England is both the most populous and the most ethnically diverse nation in the United Kingdom with 50 million inhabitants [3], or 83.7% of the UK's total. The 2001 census records roughly around 9% of England's inhabitants as being non-white in origin [4].

The country's population is 'ageing', with a declining percentage of the population under age 16 and a rising one of over 65. Population continues to rise and in every year since 1901, with the exception of 1976, there have been more births than deaths [5]. England is one of the most densely populated countries in Europe, second only to the Netherlands.

There is a debate over the extent to which the population of England (and indeed that of Britain as a whole) is composed of long-standing indigenous stock or descended from various groups of settlers and immigrants who have arrived over millennia. The Cheddar Man has been cited as demonstrating that a substantial proportion of the present day population may be descended from groups that populated the island in prehistory (The Times, 8 March 1997). The often given view of English ethnicity is that it is a mixed one with large influences from various waves of Celtic, Norse, Roman, Anglo-Saxon and Norman invasions.

The general prosperity of England as the largest partner of the UK, has also made it a destination for economic migrants from Scotland, Wales, Northern Ireland and the Republic of Ireland.

English identity

The simplest view is that an English person is someone who is from England and holds British nationality, regardless of his or her racial origin. It has, however, been a notoriously complicated and controversial identity to delimit [6].

Centuries of English dominance within the United Kingdom has created a situation where to be English is, as a linguist would put it, an "unmarked" state (i.e. a British person, institution, custom, city, etc. is often assumed English unless specified otherwise). The English frequently include their neighbours in the general term "British" while the Scots and Welsh tend to be more forward about referring to themselves by one of those more specific terms. This reflects a more subtle form of patriotism in England - St George's Day, the country's national holiday, is barely celebrated [7] - and there is an apathy to the nation outside the sporting arena. Although a part of England, a small, but noticeable, minority of those living in Cornwall feel similarly, considering themselves ethnically Cornish first.

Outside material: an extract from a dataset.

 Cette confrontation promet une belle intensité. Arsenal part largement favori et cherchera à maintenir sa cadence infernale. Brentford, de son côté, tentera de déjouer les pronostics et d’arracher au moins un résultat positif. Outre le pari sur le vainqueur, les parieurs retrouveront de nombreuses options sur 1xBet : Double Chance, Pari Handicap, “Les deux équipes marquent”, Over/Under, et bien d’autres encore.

English national identity is often taken to have been appropriated by far right organizations such as the British National Party and the English Democrats Party [8]. This radicalising of identity is often seen to be a problem. The English musician Morrissey expressed this sentiment in the lyrics of his 2004 single "Irish Blood, English Heart", having been criticised as being racist when he aligned himself to the English flag in the 1990s: "I've been dreaming of a time when / To be English is not to be baneful / To be standing by the flag / Not feeling shameful / Racist or partial". Presumably controversies like this arise because "English" is for some reason seen as an ethnicity, while "British" is a simple statement of fact: it is often said that English-born people who self-identify as black are proud to be "black British" but do not feel able to say "black English".

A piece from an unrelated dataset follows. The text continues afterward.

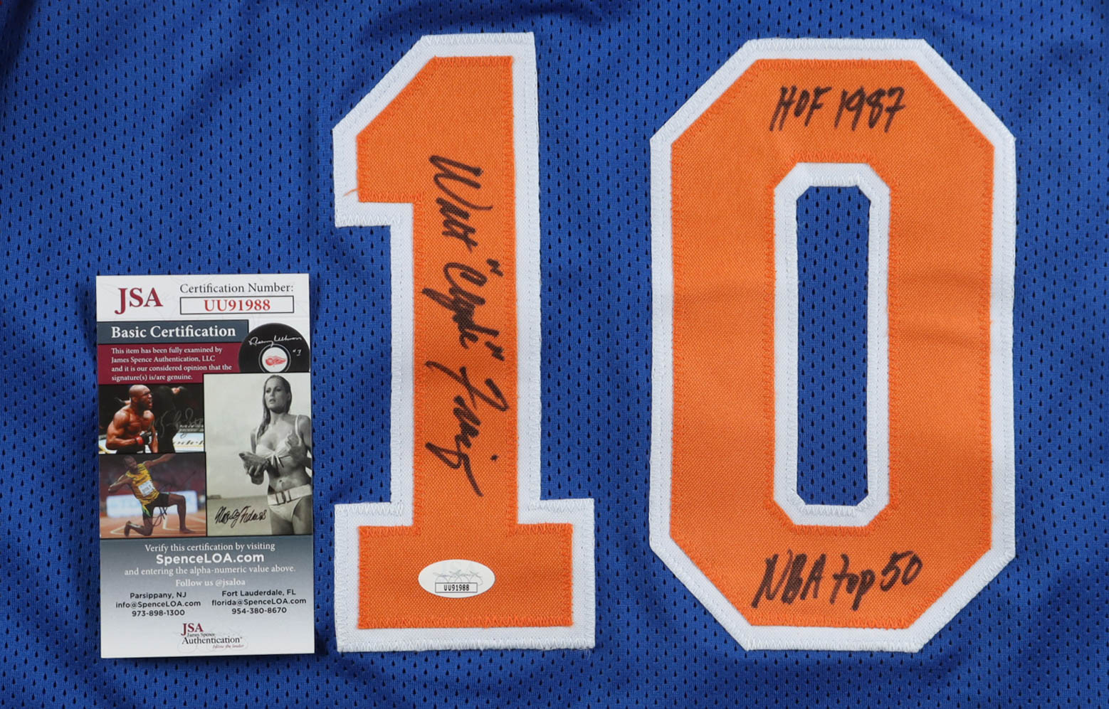 Walt "Clyde" Frazier Signed Jersey Inscribed "HOF 1987" & "NBA Top 50" (JSA)

This means that English identity is - for better or worse - often closely associated with English nationalism. Some English nationalists claim that the 'original culture' of England is comprised of legacies of Brythonic tribes of Celts and Anglo-Saxons appearing in waves of gradual migration. It also is seen as being influenced by the Scandinavian legends such as Beowulf and the Norman Conquest. The Anglo-Saxon Chronicle is a common early location for English identity.

Attempts have been made to de-radicalise English identity. Modern English identity is often built around its sports, one field in which the British Home Nations often compete individually. In particular the English Association football team, Rugby Union team and Cricket team often cause increases in the popularity of 'Englishness'.

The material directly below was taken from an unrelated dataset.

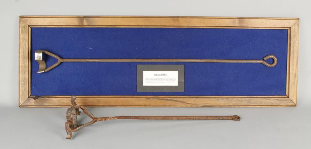 1 mounted on board ranch brand "5" and 1 other of a ranch brand in relic condition.

English identity is also affected by the divisions in lifestyle between its north and south (see North-South divide in the United Kingdom).

Culture

William Shakespeare.

The culture of England is sometimes difficult to separate clearly from the culture of the United Kingdom, so intertwined are its composite nations.

England has produced a wealth of significant literary figures including William Shakespeare, arguably the most famous in the history of the English language, Daniel Defoe, Jane Austen, Charles Dickens, Virginia Woolf, George Orwell and Harold Pinter. Others, such as J.R.R. Tolkien, Agatha Christie, Enid Blyton and J.K. Rowling have been among the best-selling novelists of the last century. Among the poets, Geoffrey Chaucer, Lord Byron, John Keats, John Milton, Samuel Taylor Coleridge and many others remain read and studied around the world.

Composers from England have often not achieved recognition as broad as that earned by their literary counterparts, and particularly during the nineteenth century were overshadowed in international reputation by other European composers; however, the work of earlier composers such as Henry Purcell and Thomas Tallis is still frequently performed today, and a revival of England's musical status began during the twentieth century with the prominence of composers such as Edward Elgar, Gustav Holst and Benjamin Britten.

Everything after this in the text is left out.